Come to think of it, this Star Fox recreation is pretty much in line with the Genesis, isn't it? While Nintendo used the SuperFX to make a space opera and the bosses in Yoshi's Island, Sega decided the best use for the SVP was a damn racing game (and yes, I know about Stunt Race FX, but it wasn't the only thing Nintendo used the chip for). When Donkey Kong Country came out in 1994 it lit the world on fire, though with the benefit of hindsight I think we can all agree it was slightly lacking in the gameplay department. But while Rare advanced the concept with Diddy's Kong Quest, Sega latched onto the ACM-rendered graphics and farted out Vectorman. And I think we all know how well the 32x and Sega CD worked out. And gaming was left with the severe case of Asperger Syndrome and ADD it still has today, which manifests as anything from people who grew up on the Genesis desperately clinging to the only time their favorite company wasn't the laughing stock of the gaming industry, E3's focus on technical gimmicks, and the attitude that people only like older games because they were stupid then and they're nostalgic now that blights the Internet. Or to put it another way, I blame Sega for anybody who says that paint analogy is irrelevant because game consoles are not art mediums.

And seriously, fuck Shining Force. When that game was released in the States and Europe there was nothing else like it on consoles. More importantly, it was one of the only games Genesis owners could shove in the faces of their SNES-owning friends while shouting "GENESIS DOES WHAT NINTENDON'T!" because Nintendo wouldn't let Fire Emblem leave Japan for another ten years. They didn't care that the AI was so dense it practically had its own gravitational pull, or that that along with flat map design, poor unit balance, no penalty for losing fighters or even the battle and consequently no reason to be careful in battle, and the game not telling you what order the units are going to attack in all reduce the strategy of this alleged strategy RPG to loading your team up with centaur knights, healers, and the werewolf and steamrolling from one end to the other on every map, or that the plot was an utterly generic trainwreck. All that mattered was the SNES didn't have anything like it.

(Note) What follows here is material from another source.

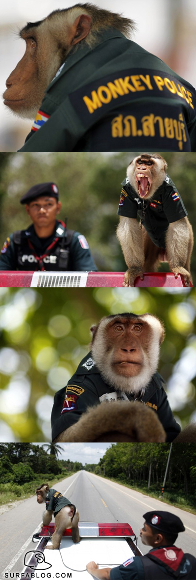 Si chiama Santisuk, che in thailandese vuol dire "pace". E' un macaco di 5 anni, ormai parte integrante della polizia del distretto di Saiburi. Santisuk è stato trovato ferito da un agente, che l'ha adottato e ha iniziato a portarlo con sé in pattuglia. Le autorità hanno scoperto che la presenza della scimmia migliora l'atteggiamento della popolazione nei confronti della polizia, e hanno deciso di dotarla di una divisa su misura.

Even if drying speed was all that mattered with paint, the paint is only as good as the artist. A fat lot of good all that Blast Blending is if the most anyone can think to do with it is see how many identical stick figures they can cram into a single piece of canvas and make half-assed knockoffs of Roger Dean paintings. Or sit around and argue about why oils are superior instead of, you know, painting something. Specifically, painting something good (was that supposed to be a dig against Pier Solar? You decide).

Or to put it another way, it's not size that matters, it's what you do with it. And you're not impressing anyone if all you do is sit around comparing sizes instead of making somebody's day with it. But you better do something amazing or people are going to ridicule you that much harder.

I never said I was above dong humor.